NER on multilingual texts

Hi founders, and community,

I have a text corpus (specifically emails) that contain different language backgrounds (eg. English and Chinese). It could even be the case that 2 different languages are present in a single sentence. Even though we can perform manual annotations on substantial volume of examples, it may still raise an issue because the tokenization differs significantly for these 2 different language models.

My end goal is to perform extract useful entities regardless of languages. For example, if a name exists in the corpus in both English and Chinese, I want both spans of text to be extracted. Is there an efficient way of performing NER in this scenario? Thanks!

In this case I think it would be easiest to have a single tokenizer that can segment both Chinese and English. Both Chinese segmenter options jieba and pkuseg with spacy_ontonotes seem to perform fine on basic English spaces and punctuation.

You can create a base model that just contains a tokenizer like this (see

cfg = {"segmenter": "pkuseg"}
nlp = Chinese.from_config({"nlp": {"tokenizer": cfg}})

This is the same tokenizer from zh_core_web_sm. If it doesn't handle some cases correctly, you can add exceptions or fine-tune the model, or start from scratch and train your own model: GitHub - explosion/spacy-pkuseg: pkuseg多领域中文分词工具; The pkuseg toolkit for multi-domain Chinese word segmentation

jieba will be a lot faster, but I had less success when I tried to customize it for a particular segmentation. You'll just have to evaluate them for your task.

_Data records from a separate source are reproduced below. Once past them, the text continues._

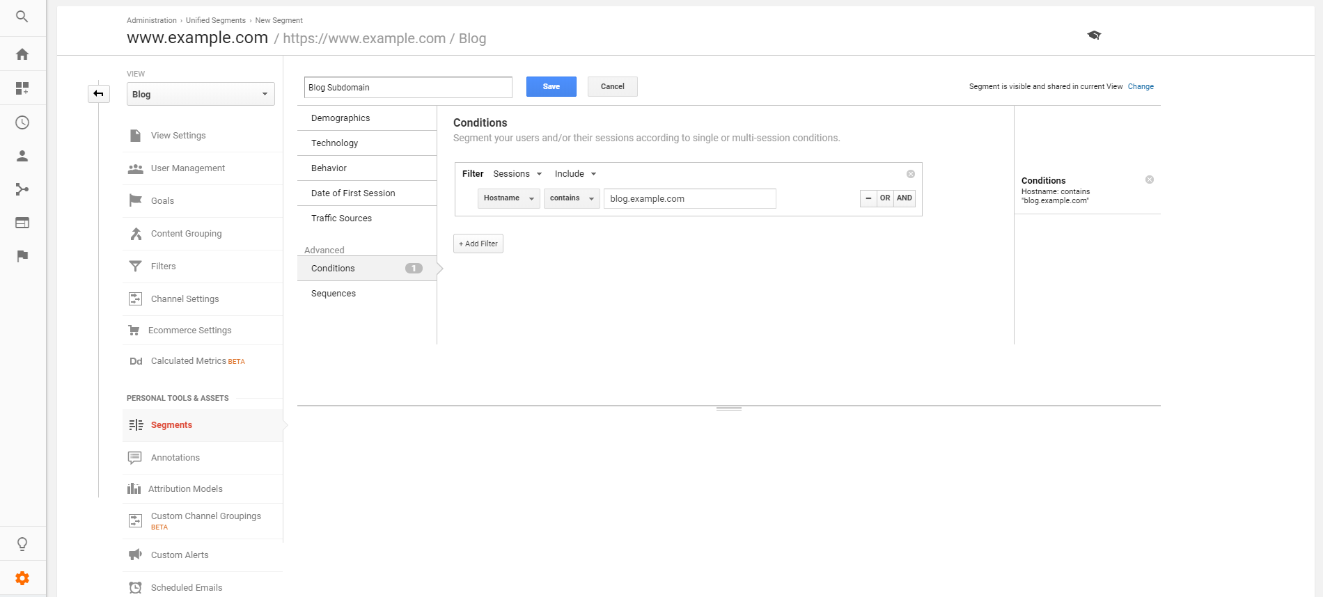 4) Select Hostname (from the Behavior section) contains "example.com".
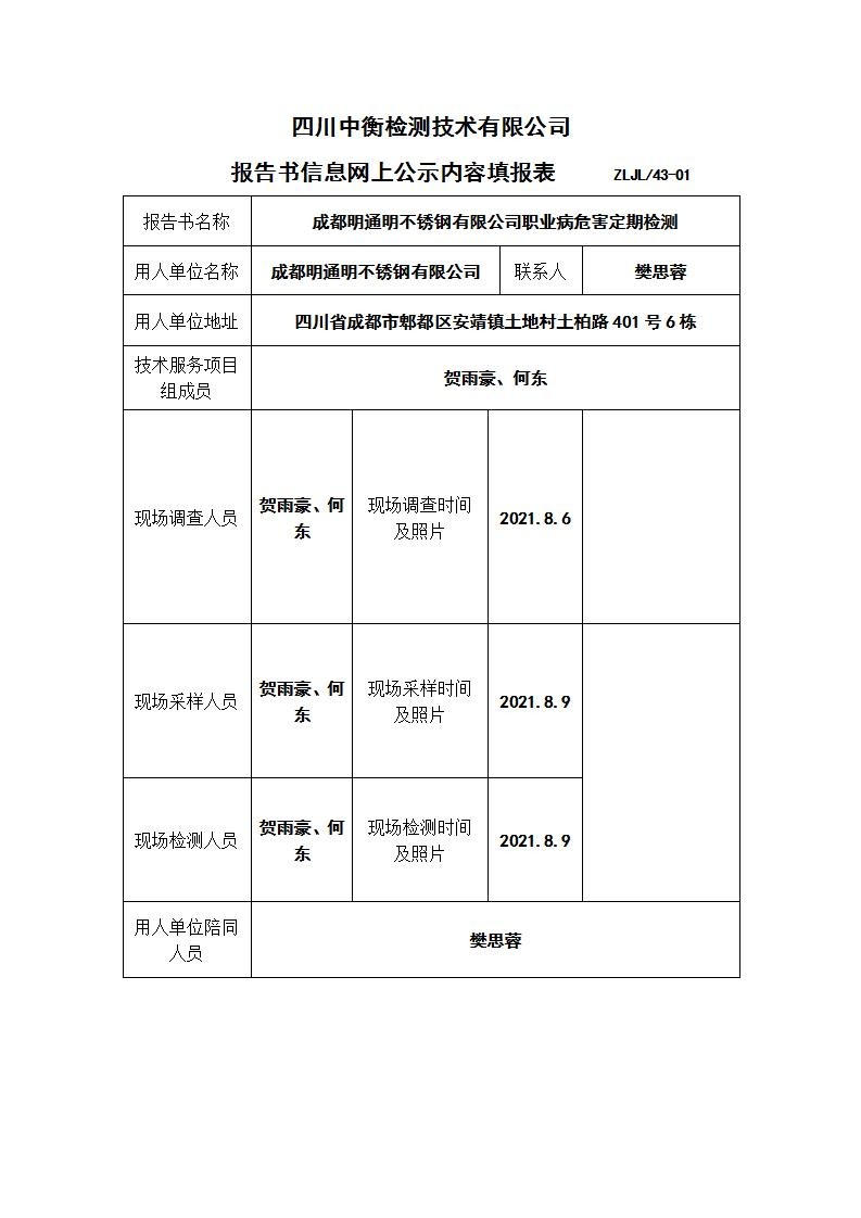 成都明通明不銹鋼有限公司職業(yè)病危害定期檢測(cè)
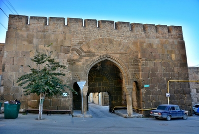 Восточные ворота цитадели Нарын-Кала (Стоячие ворота) у которых стояли просители — главные её ворота, устроенные в подпорной стене и перекрытые стрельчатыми арками и плитами основания помещений ханской канцелярии Фет-Али-хана.
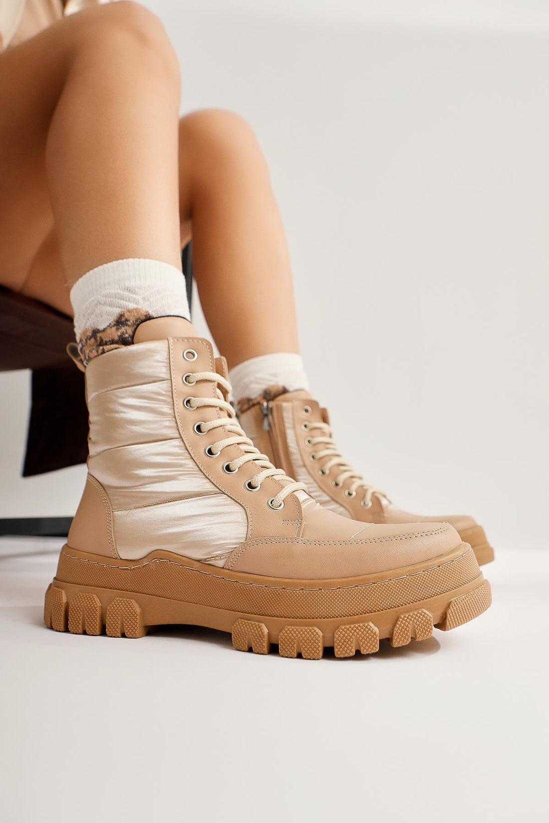 Meredith Bej Fosforlu Kumaş Detaylı Bağcıklı Bot

This does mean that your pipeline will have Chinese lexical attributes for things like like_num and stop_words. This shouldn't make any difference for a standard ner component, but it's possible you might have other components like a Matcher that use lexical attributes. To handle both, you might need to implement a custom language, but if the only issue is segmentation, I'd give a base Chinese pipeline with jieba or pkuseg a try.